* [Your task] Would you transcribe each entry precisely as it stands, setting aside any images?
Dataset Block Start
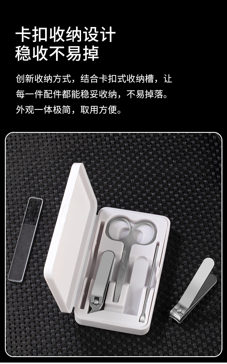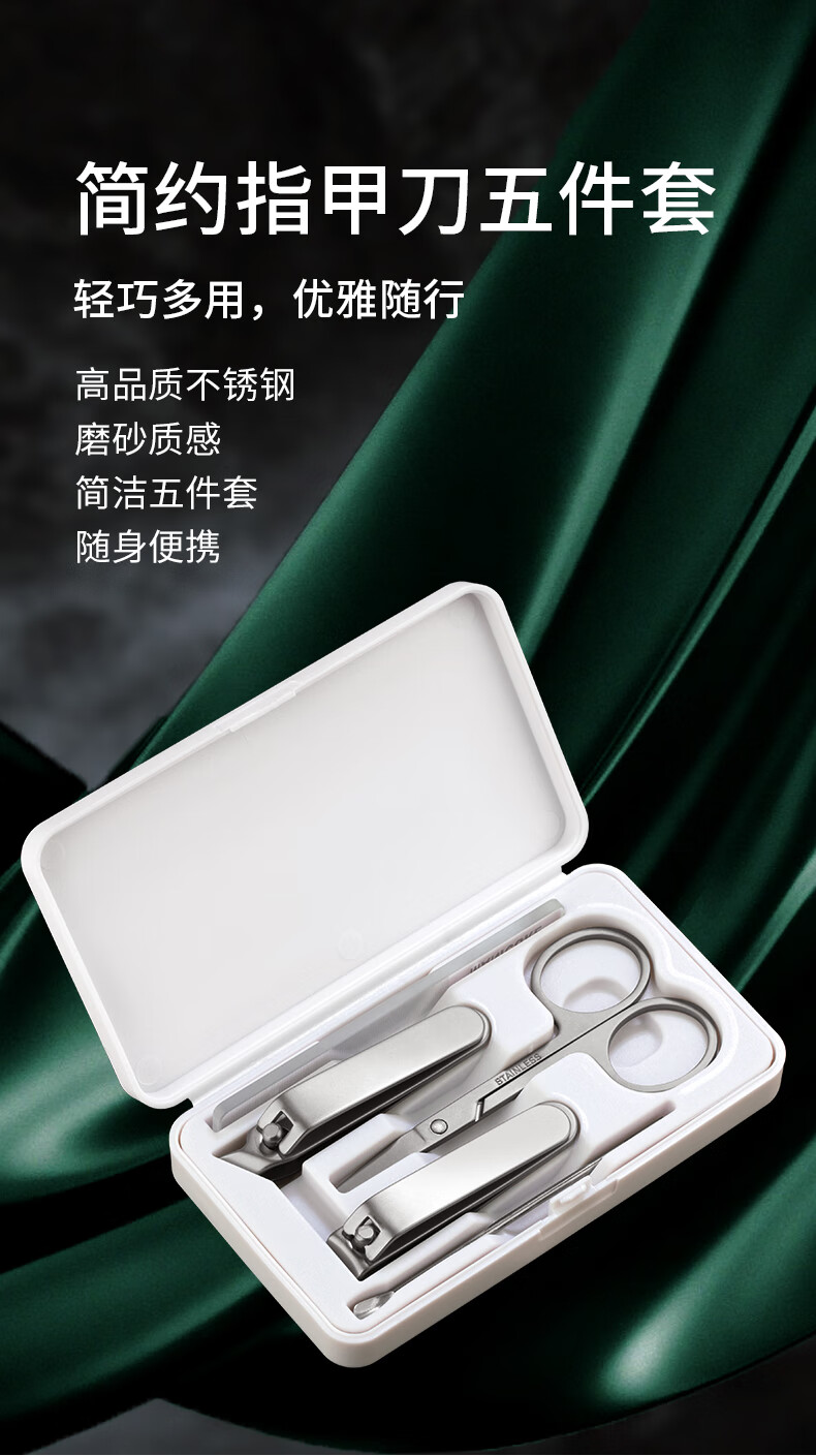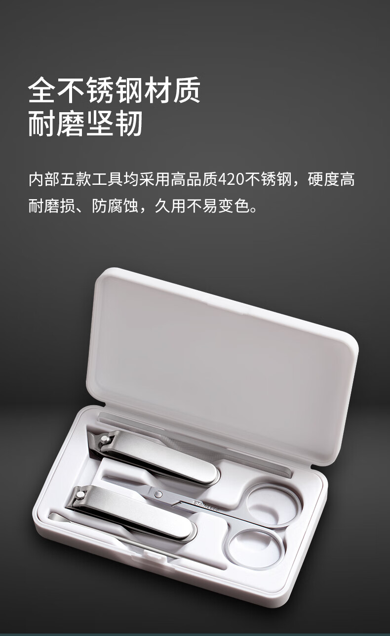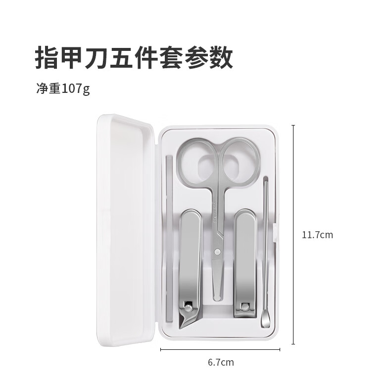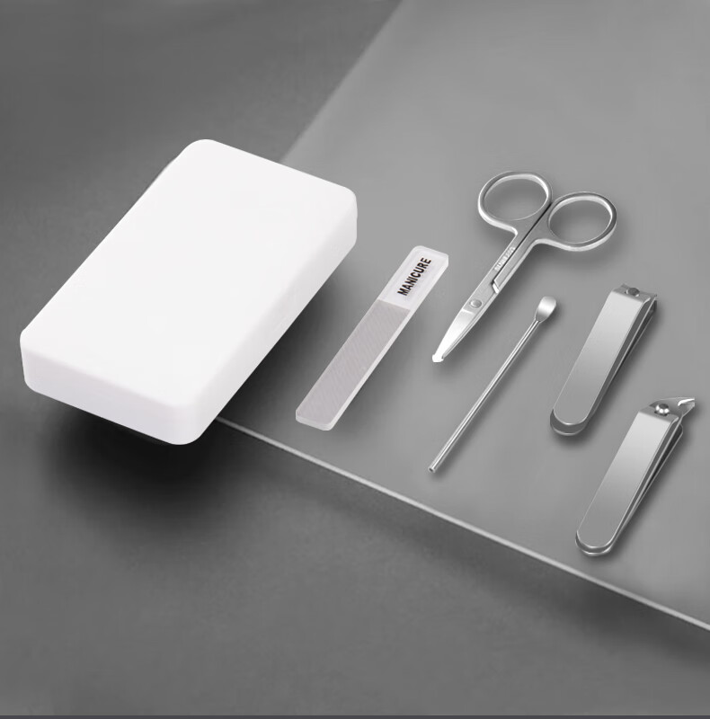 利皇作指甲刀套装工具5件套简约款指甲剪指甲钳挖耳勺掏耳朵修指甲锉 小米白指甲刀5件套
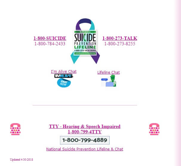 Горячие линии работают также по номерам: 800-SUICIDE (784-2433), 800-799-4TTY (4889) и другим номерам, о которых можно узнать больше на сайте Suicide Hotlines. По информации, представленной там же, на звонки отвечают «несовершенные люди, готовые помочь, многие из которых волонтеры».
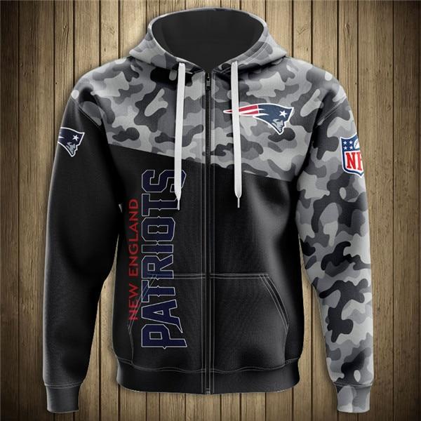 New England Patriots Half Camo 3D Zipper Hoodie Jacket
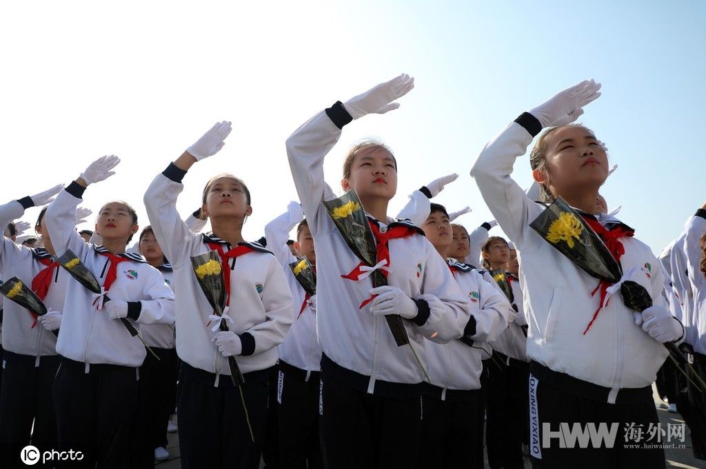 2021年9月30日,在山东省滨州市博兴县烈士陵园,少先队员向革命烈士纪念碑敬队礼。(供图:东方IC)
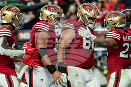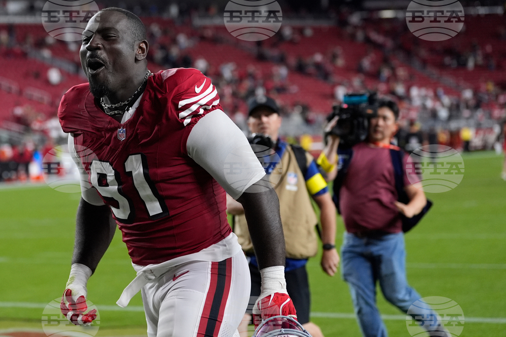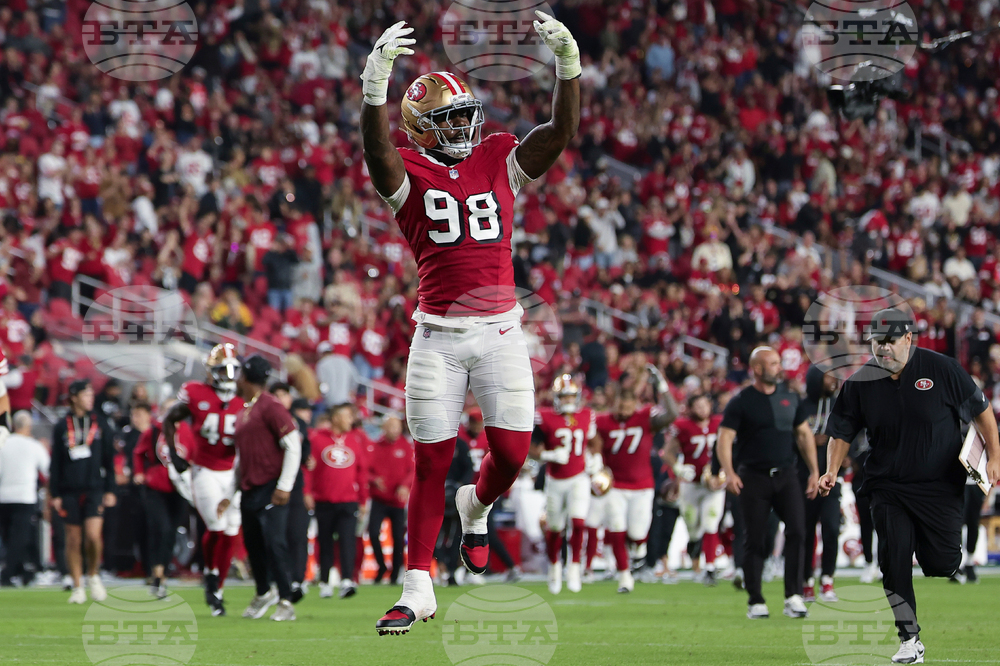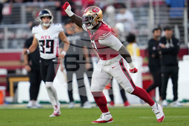 San Francisco 49ers defensive tackle Sam Okuayinonu (91) celebrates after an NFL football game between the San Francisco 49ers and the Atlanta Falcons, Sunday, Oct. 19, 2025, in Santa Clara, Calif. (AP Photo/Godofredo A. Vásquez)
Dataset Block End
* [Answer section]
 利皇作指甲刀套装工具5件套简约款指甲剪指甲钳挖耳勺掏耳朵修指甲锉 小米白指甲刀5件套
 Горячие линии работают также по номерам: 800-SUICIDE (784-2433), 800-799-4TTY (4889) и другим номерам, о которых можно узнать больше на сайте Suicide Hotlines. По информации, представленной там же, на звонки отвечают «несовершенные люди, готовые помочь, многие из которых волонтеры».
 New England Patriots Half Camo 3D Zipper Hoodie Jacket
 2021年9月30日,在山东省滨州市博兴县烈士陵园,少先队员向革命烈士纪念碑敬队礼。(供图:东方IC)
 San Francisco 49ers defensive tackle Sam Okuayinonu (91) celebrates after an NFL football game between the San Francisco 49ers and the Atlanta Falcons, Sunday, Oct. 19, 2025, in Santa Clara, Calif. (AP Photo/Godofredo A. Vásquez)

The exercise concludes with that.